Adsorption Studies
The following changes were made in this adsorption study:
- The MicroCons/NanoSeps were not spun. We will just characterize the differences between the materials.
- The pnc-Si membranes were assembled into SepCons because of the potential adsorption to the plastic surfaces.
- Mass standards were run on the gel in order to allow the measurement of protein concentration.
- MicroCons/NanoSeps were initially stained with commassie blue, since the last silver stained experiment seemed saturated
Result #1 – MicroCon/NanoSep adsorption with mass standards and stained with commassie blue
It appears that in a non-spun system, there is less protein adsorbing to the membranes.
Results #2 – MicroCon/NanoSep/SepCon adsorption with mass standards and silver stained.
In this system it looks like the SepCons adsorb as much or more protein. It also appears to be more than the adsorption to pnc-Si chips (although this cannot be verified as the previous adsorption study had no mass standards). Perhaps our plastic is adsorbing a lot of protein. The next step is to release the MicroCon and NanoSep membranes and compare to pnc-Si chips.
Go ahead and quantify to the standard curves so we can evaluate how linear things here.

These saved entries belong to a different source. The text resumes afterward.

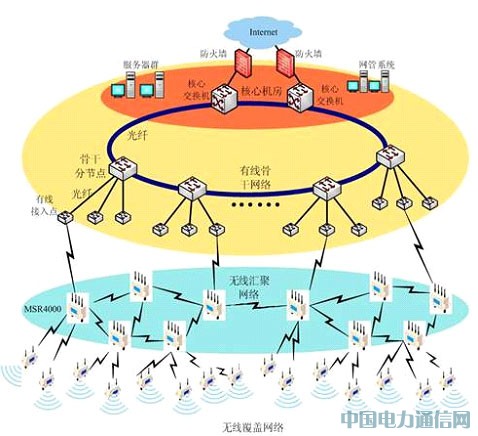 无线Mesh网络内部通过无线方式互连,在有线落地点通过光纤接入到有线网络中,所有Mesh设备可以同时提供无线覆盖,为各种无线应用提供服务。无线网络整体架构如图:
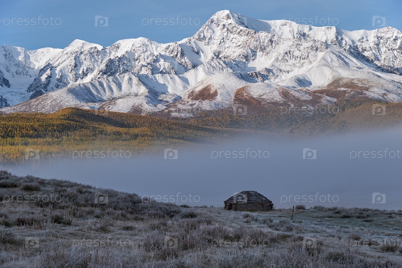 Дом пастуха на алтайском озере Джангыскол на горном плато Эштыкель. Утренний туман над водой. Алтай, Россия
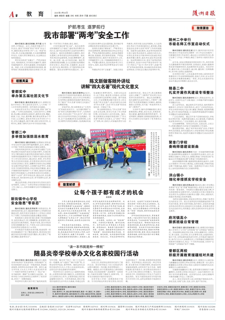 随州日报讯(通讯员顾巍、邓子晨)高考在即,中考临近。近日,市政府专题召开工作会议,落实“四举措”抓好“两考”安全工作,确保实现全市两考工作“三无一和谐”的目标,即:无试卷试题泄露,无大面
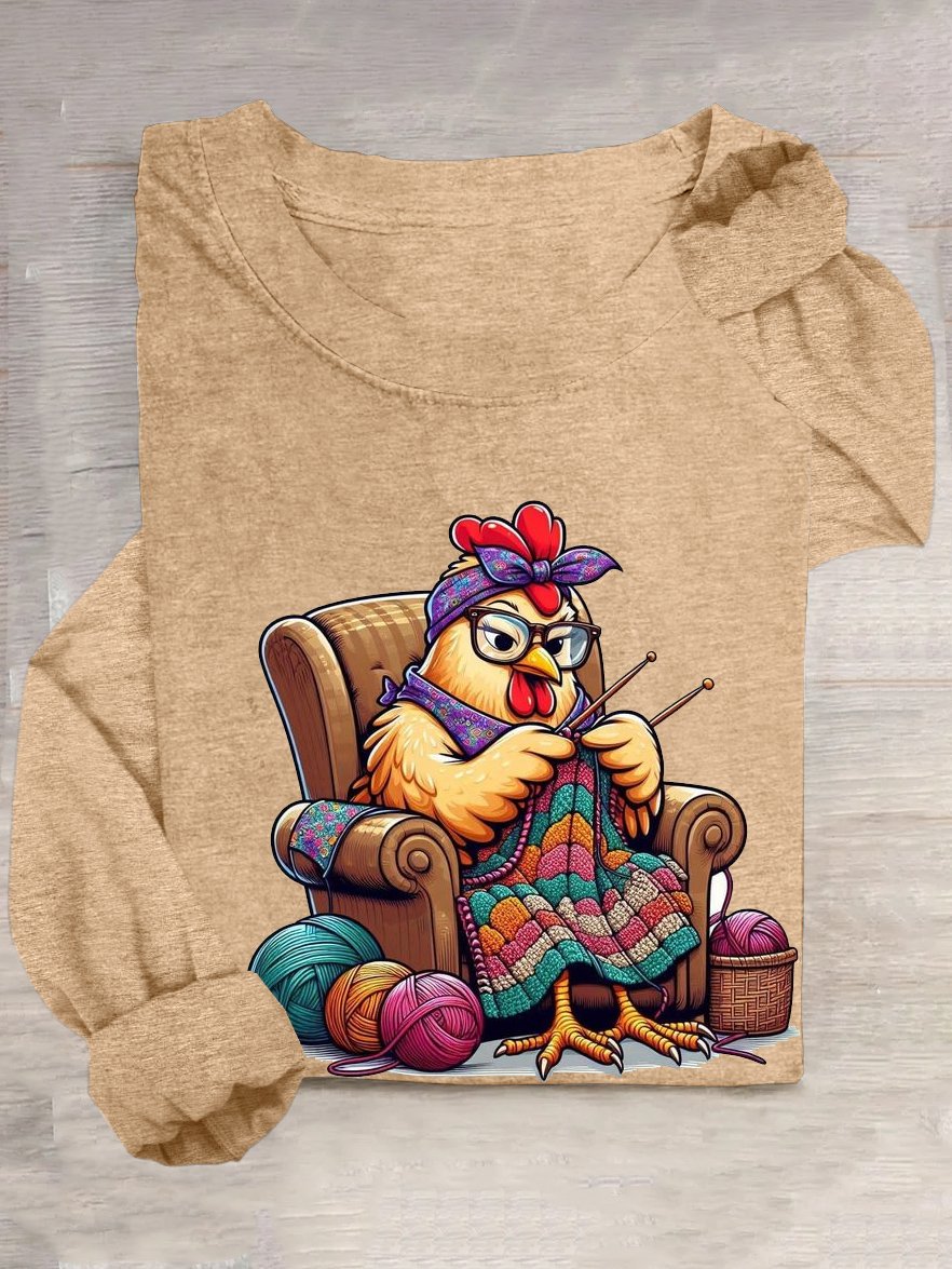 Casual Long Sleeve Crew Neck Turkey Loose Regular T-Shirt

Non-specific binding is a strong function of concentration, so to be fair, I think you either need to to spin down the sample, or apply a much more concentrated solution initially. I just want to make it clear to everyone that it’s probably not mechanical force driving the protein against the membrane that’s causing more to stick, it’s the very high concentration (after spinning) driving the kinetics of non-specific binding. If there is any drying, that will also promote adhesion.
We really need the new SepCon design that allows samples to be spun down past the EQ limit, and good membranes for those studies…
Would it be valid to try higher concentrations in these passive studies to see if the adsorption increases?
For diffusion studies, you’re fine so long as you match concentrations. For centrifugation studies, Chris’ point makes sense and will make it harder to compare if we are not spinning to similar levels with the two systems. We should probably be satisfied with the diffusion studies for the ‘low hanging’ paper we are trying to craft now.
One more comment … with fluorescence we found that our membranes were far less sticky to proteins than glass. We should probably include glass as a ‘positive control’ to make sure the assay is working as we expect. I’m not sure what a good ‘negative control’ would be. PEG-treated glass would work.